Regression
Understanding and implementing regression algorithms in machine learning
Regression is a supervised learning task where the goal is to predict continuous numerical values.
Linear Regression
Simple Linear Regression
The most basic regression model with one feature:
from sklearn.linear_model import LinearRegression
import numpy as np
def train_simple_linear_regression(X, y):
    # Initialize and train model
    model = LinearRegression()
    model.fit(X.reshape(-1, 1), y)
    
    # Get coefficients
    slope = model.coef_[0]
    intercept = model.intercept_
    
    return model, slope, intercept
def plot_regression_line(X, y, model):
    plt.scatter(X, y, color='blue', alpha=0.5)
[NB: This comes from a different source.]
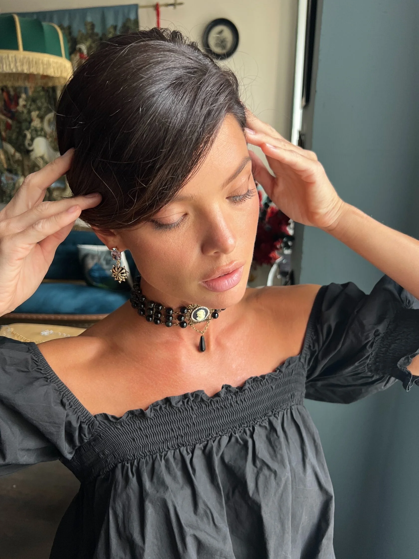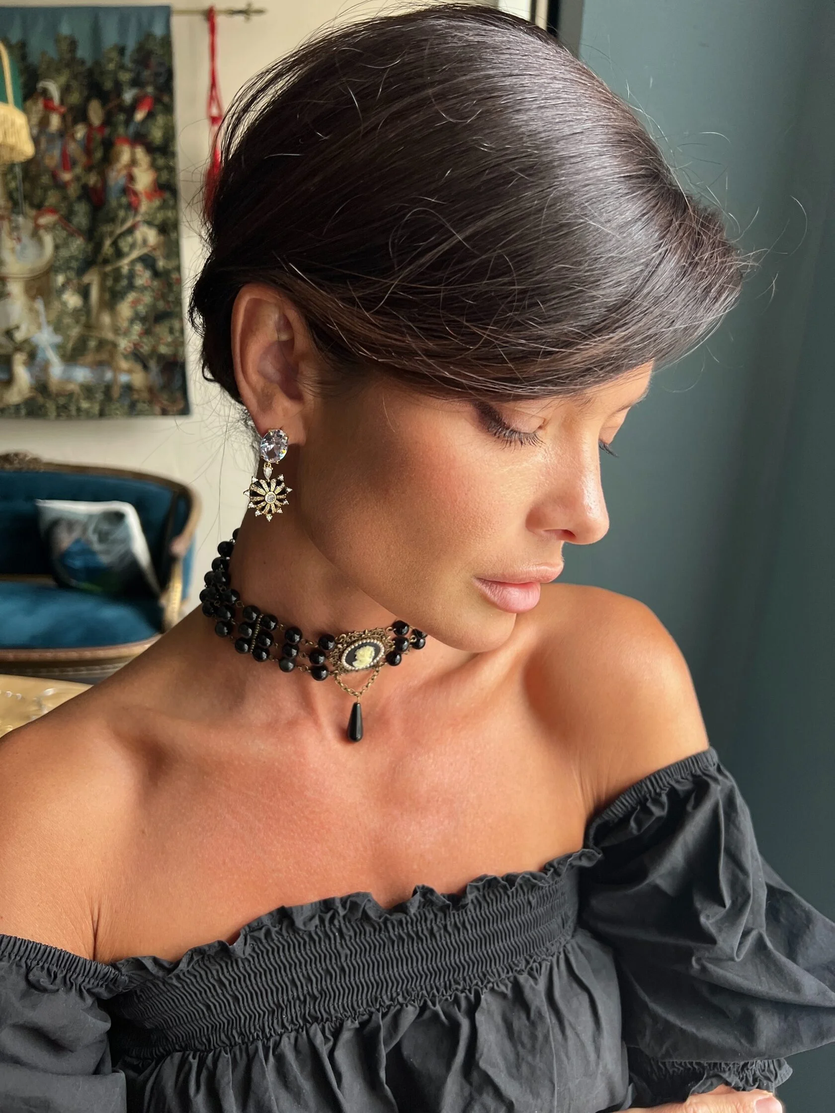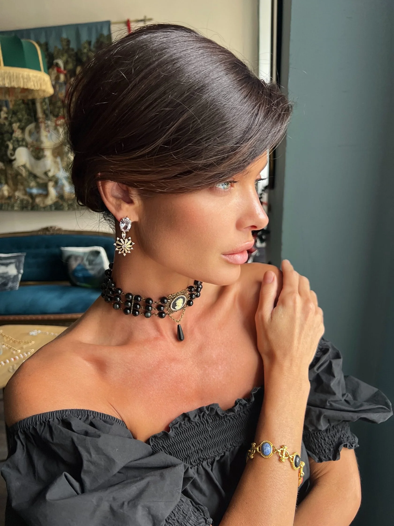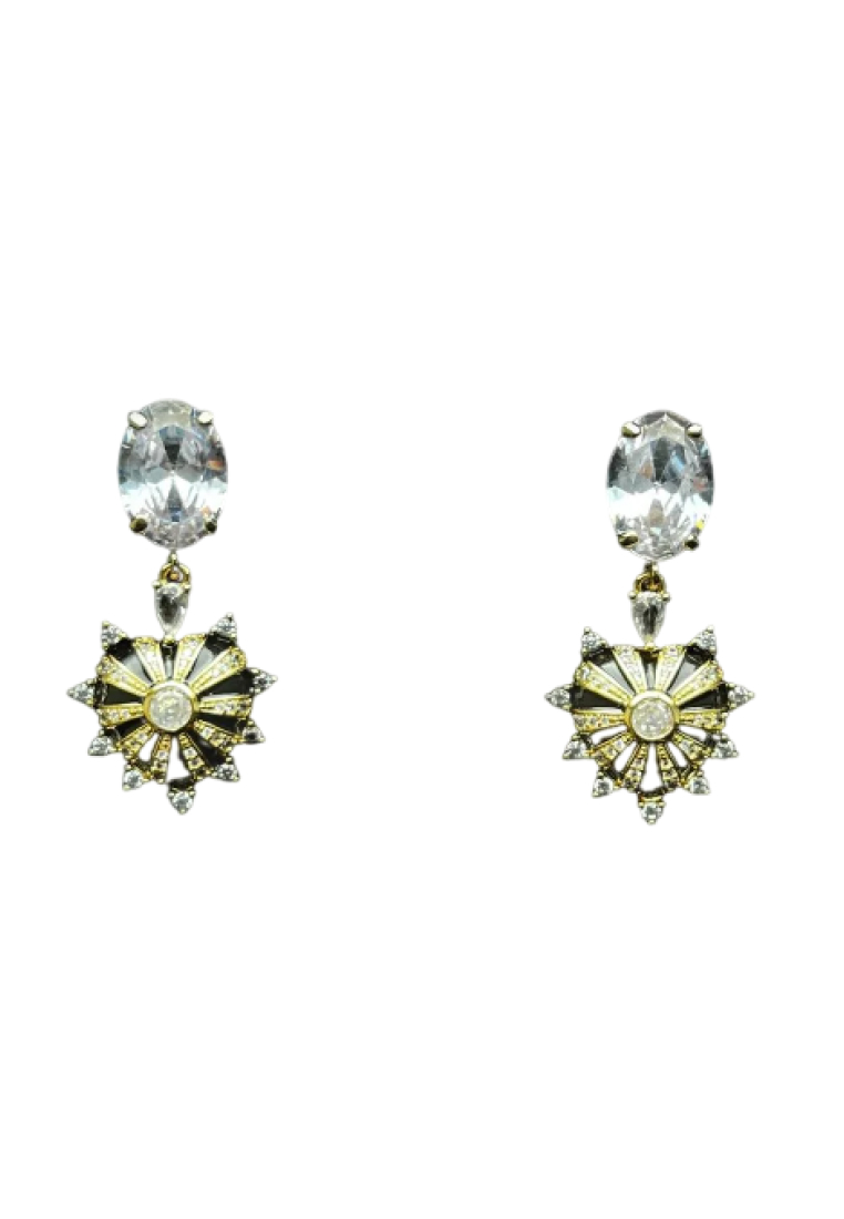 Коктейльные серьги украшены кристаллами «Swarovski» и декоративными подвесками в виде сердец с цветной эмалью.

    plt.plot(X, model.predict(X.reshape(-1, 1)), color='red')
    plt.xlabel('Feature')
    plt.ylabel('Target')
    plt.title('Linear Regression Fit')
    return plt
Multiple Linear Regression
Extending to multiple features:
def train_multiple_linear_regression(X, y):
    # Initialize and train model
    model = LinearRegression()
    model.fit(X, y)
    
    # Get feature importance
    importance = pd.DataFrame({
        'feature': range(X.shape[1]),
        'coefficient': model.coef_
    })
    
    return model, importance
Regularized Regression
Ridge Regression (L2)
Adding L2 regularization to prevent overfitting:
from sklearn.linear_model import Ridge
def train_ridge_regression(X, y, alpha=1.0):
    # Initialize and train model
    model = Ridge(alpha=alpha)
    model.fit(X, y)
    
    return model
def plot_ridge_path(X, y, alphas):
    coefs = []
    for alpha in alphas:
        model = Ridge(alpha=alpha)
        model.fit(X, y)
        coefs.append(model.coef_)
    
    plt.figure(figsize=(10, 6))
    plt.plot(alphas, np.array(coefs))
    plt.xscale('log')
    plt.xlabel('Alpha')
    plt.ylabel('Coefficients')
    plt.title('Ridge Path')
    return plt
Lasso Regression (L1)
Using L1 regularization for feature selection:
from sklearn.linear_model import Lasso
def train_lasso_regression(X, y, alpha=1.0):
    # Initialize and train model
    model = Lasso(alpha=alpha)
    model.fit(X, y)
    
    # Get selected features
    selected_features = np.where(model.coef_ != 0)[0]
    
    return model, selected_features
Elastic Net
Combining L1 and L2 regularization:
from sklearn.linear_model import ElasticNet
def train_elastic_net(X, y, alpha=1.0, l1_ratio=0.5):
    # Initialize and train model
    model = ElasticNet(alpha=alpha, l1_ratio=l1_ratio)
    model.fit(X, y)
    
    return model
Polynomial Regression
Handling non-linear relationships:
from sklearn.preprocessing import PolynomialFeatures
def train_polynomial_regression(X, y, degree=2):
    # Create polynomial features
    poly = PolynomialFeatures(degree=degree)
    X_poly = poly.fit_transform(X.reshape(-1, 1))
    
    # Train model
    model = LinearRegression()
    model.fit(X_poly, y)
    
    return model, poly
def plot_polynomial_fit(X, y, model, poly):
    # Generate points for smooth curve
    X_test = np.linspace(X.min(), X.max(), 100).reshape(-1, 1)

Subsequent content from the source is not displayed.